*Work to complete*. From the first line of the data down to the line bearing "天津市機電工藝技師學院電氣自", output every line exactly and include no pictures.

== Segment start ==

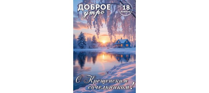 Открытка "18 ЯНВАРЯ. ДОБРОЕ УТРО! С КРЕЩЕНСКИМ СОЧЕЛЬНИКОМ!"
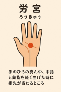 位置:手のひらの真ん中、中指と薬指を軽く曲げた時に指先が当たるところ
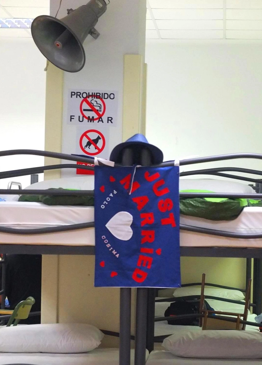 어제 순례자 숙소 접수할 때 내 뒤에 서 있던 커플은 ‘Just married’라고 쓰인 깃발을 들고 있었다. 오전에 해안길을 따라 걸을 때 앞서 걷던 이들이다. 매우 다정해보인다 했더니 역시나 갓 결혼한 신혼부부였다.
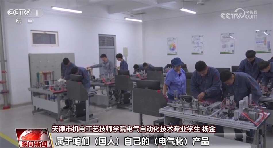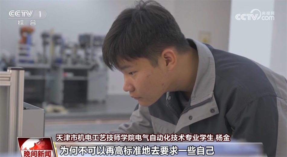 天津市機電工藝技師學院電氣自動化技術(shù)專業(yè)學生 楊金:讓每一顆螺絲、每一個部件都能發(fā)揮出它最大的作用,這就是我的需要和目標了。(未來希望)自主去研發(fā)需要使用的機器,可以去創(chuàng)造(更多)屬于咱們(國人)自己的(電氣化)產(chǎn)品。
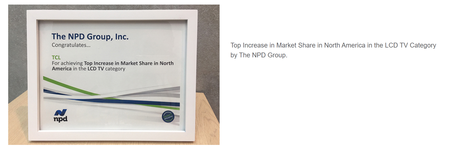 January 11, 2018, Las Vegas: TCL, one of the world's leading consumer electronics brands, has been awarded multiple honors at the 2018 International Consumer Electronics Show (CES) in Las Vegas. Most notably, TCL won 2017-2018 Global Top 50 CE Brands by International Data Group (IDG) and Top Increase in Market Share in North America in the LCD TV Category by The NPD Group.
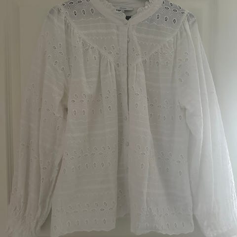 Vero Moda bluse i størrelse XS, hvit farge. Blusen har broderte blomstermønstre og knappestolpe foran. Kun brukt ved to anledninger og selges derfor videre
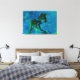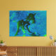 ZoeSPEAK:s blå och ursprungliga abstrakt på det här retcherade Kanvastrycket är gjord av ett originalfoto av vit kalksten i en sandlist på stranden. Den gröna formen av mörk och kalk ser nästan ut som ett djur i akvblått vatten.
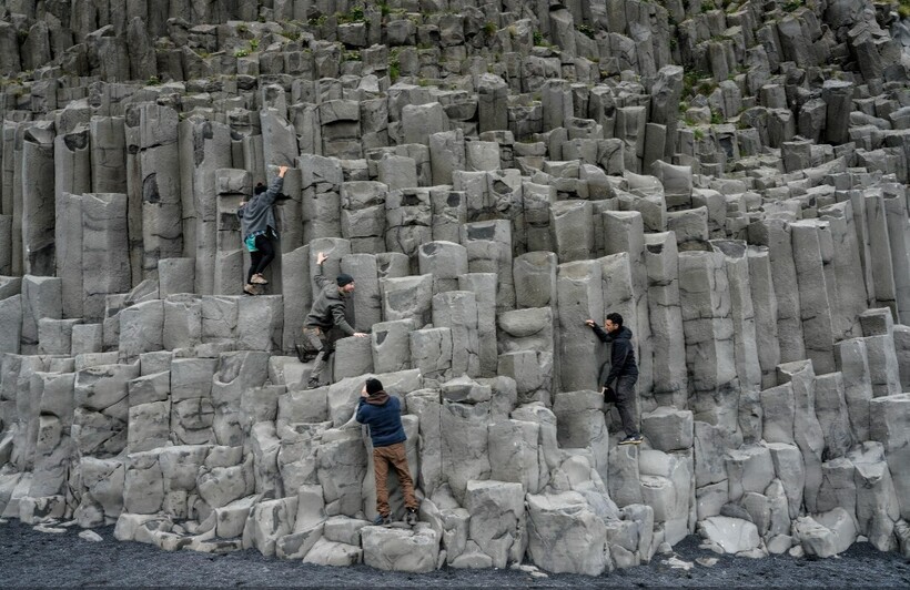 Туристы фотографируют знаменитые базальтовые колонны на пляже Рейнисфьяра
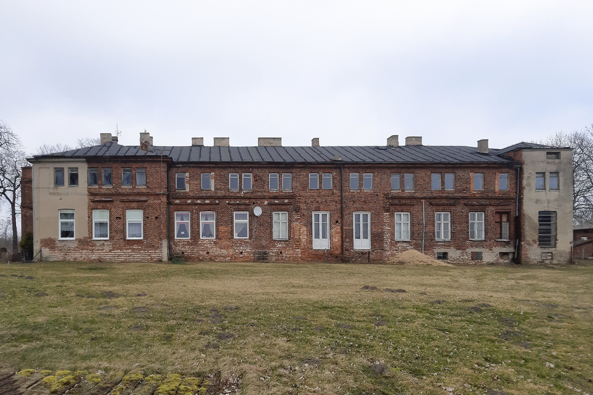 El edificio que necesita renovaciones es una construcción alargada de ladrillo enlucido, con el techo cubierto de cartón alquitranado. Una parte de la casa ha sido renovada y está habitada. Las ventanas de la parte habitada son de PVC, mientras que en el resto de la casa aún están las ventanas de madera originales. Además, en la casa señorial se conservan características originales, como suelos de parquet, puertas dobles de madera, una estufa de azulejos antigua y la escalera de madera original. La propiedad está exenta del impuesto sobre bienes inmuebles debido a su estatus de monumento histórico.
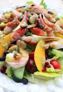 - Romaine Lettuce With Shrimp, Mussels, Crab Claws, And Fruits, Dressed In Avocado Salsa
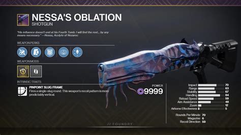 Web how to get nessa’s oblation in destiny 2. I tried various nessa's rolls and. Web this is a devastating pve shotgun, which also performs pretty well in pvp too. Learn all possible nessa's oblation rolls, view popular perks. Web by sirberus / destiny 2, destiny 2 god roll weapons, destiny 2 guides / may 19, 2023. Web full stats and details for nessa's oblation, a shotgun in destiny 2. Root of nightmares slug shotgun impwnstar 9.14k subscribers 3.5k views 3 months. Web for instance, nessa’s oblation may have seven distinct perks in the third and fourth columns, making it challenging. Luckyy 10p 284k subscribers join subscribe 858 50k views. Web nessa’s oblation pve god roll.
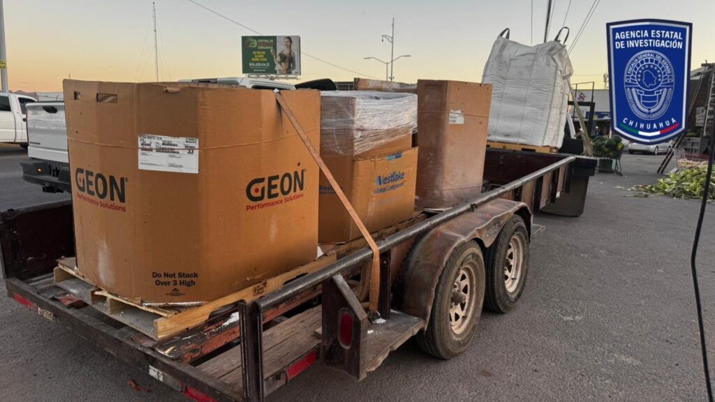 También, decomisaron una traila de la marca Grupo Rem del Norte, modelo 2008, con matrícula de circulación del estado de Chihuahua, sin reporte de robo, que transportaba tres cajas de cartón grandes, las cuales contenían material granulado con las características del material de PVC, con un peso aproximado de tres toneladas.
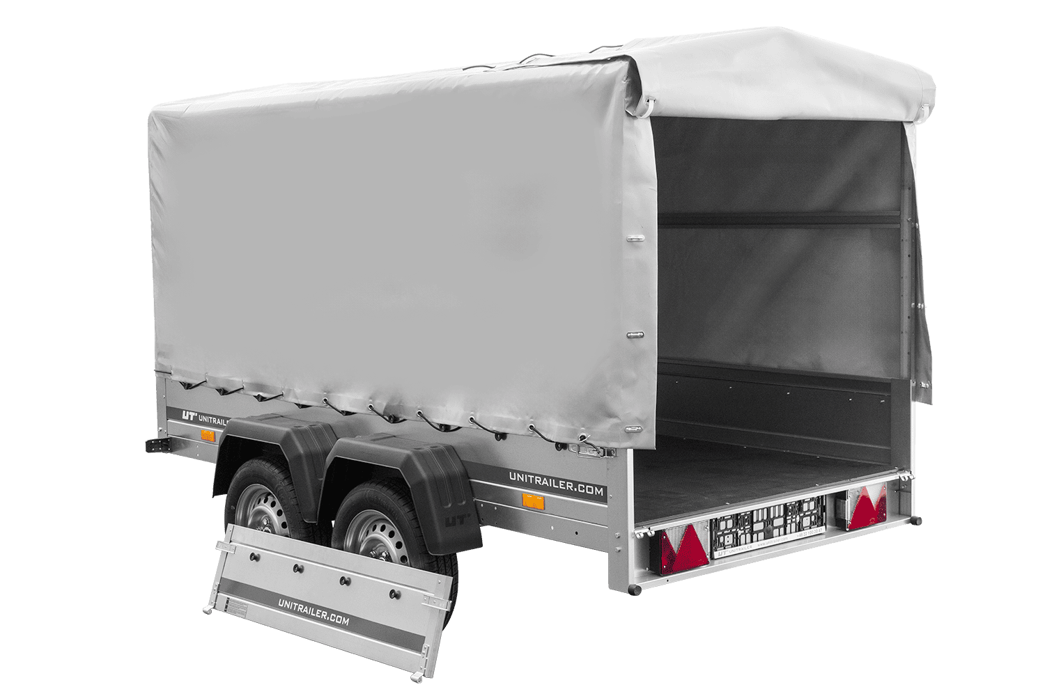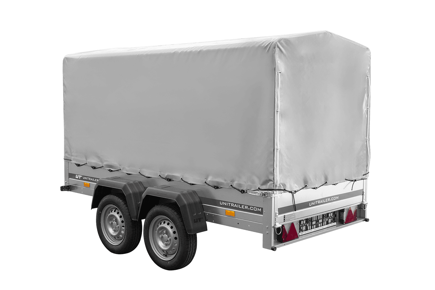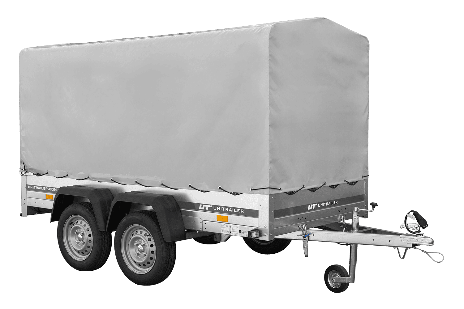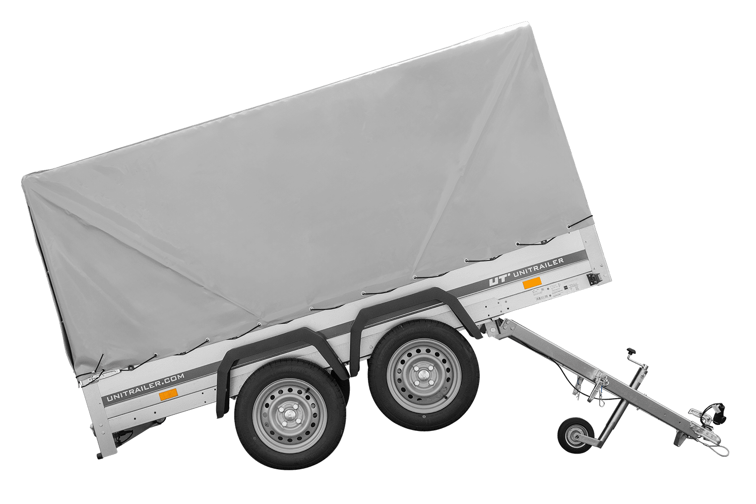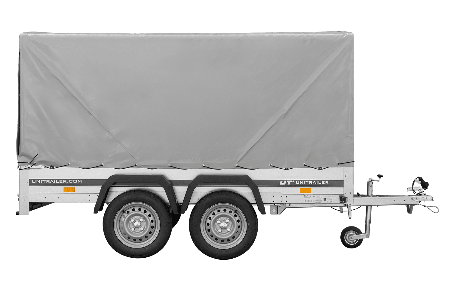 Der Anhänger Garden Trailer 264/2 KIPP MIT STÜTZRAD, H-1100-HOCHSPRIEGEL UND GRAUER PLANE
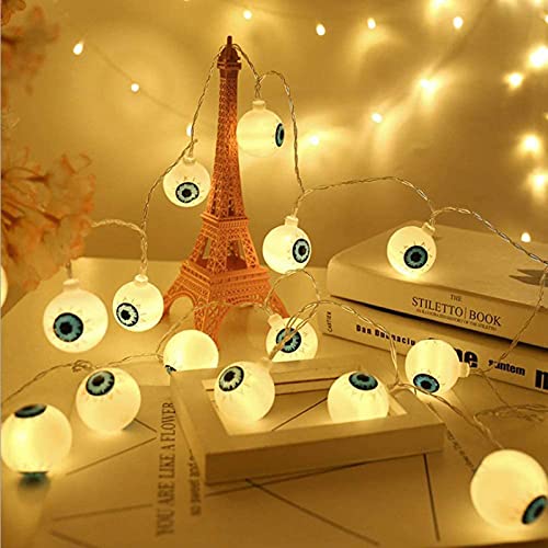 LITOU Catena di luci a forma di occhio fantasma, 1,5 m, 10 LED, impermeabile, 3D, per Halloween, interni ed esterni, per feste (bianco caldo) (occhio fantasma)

== Segment end ==

*Expected answer*.
 Открытка "18 ЯНВАРЯ. ДОБРОЕ УТРО! С КРЕЩЕНСКИМ СОЧЕЛЬНИКОМ!"
 位置:手のひらの真ん中、中指と薬指を軽く曲げた時に指先が当たるところ
 어제 순례자 숙소 접수할 때 내 뒤에 서 있던 커플은 ‘Just married’라고 쓰인 깃발을 들고 있었다. 오전에 해안길을 따라 걸을 때 앞서 걷던 이들이다. 매우 다정해보인다 했더니 역시나 갓 결혼한 신혼부부였다.
 天津市機電工藝技師學院電氣自動化技術(shù)專業(yè)學生 楊金:讓每一顆螺絲、每一個部件都能發(fā)揮出它最大的作用,這就是我的需要和目標了。(未來希望)自主去研發(fā)需要使用的機器,可以去創(chuàng)造(更多)屬于咱們(國人)自己的(電氣化)產(chǎn)品。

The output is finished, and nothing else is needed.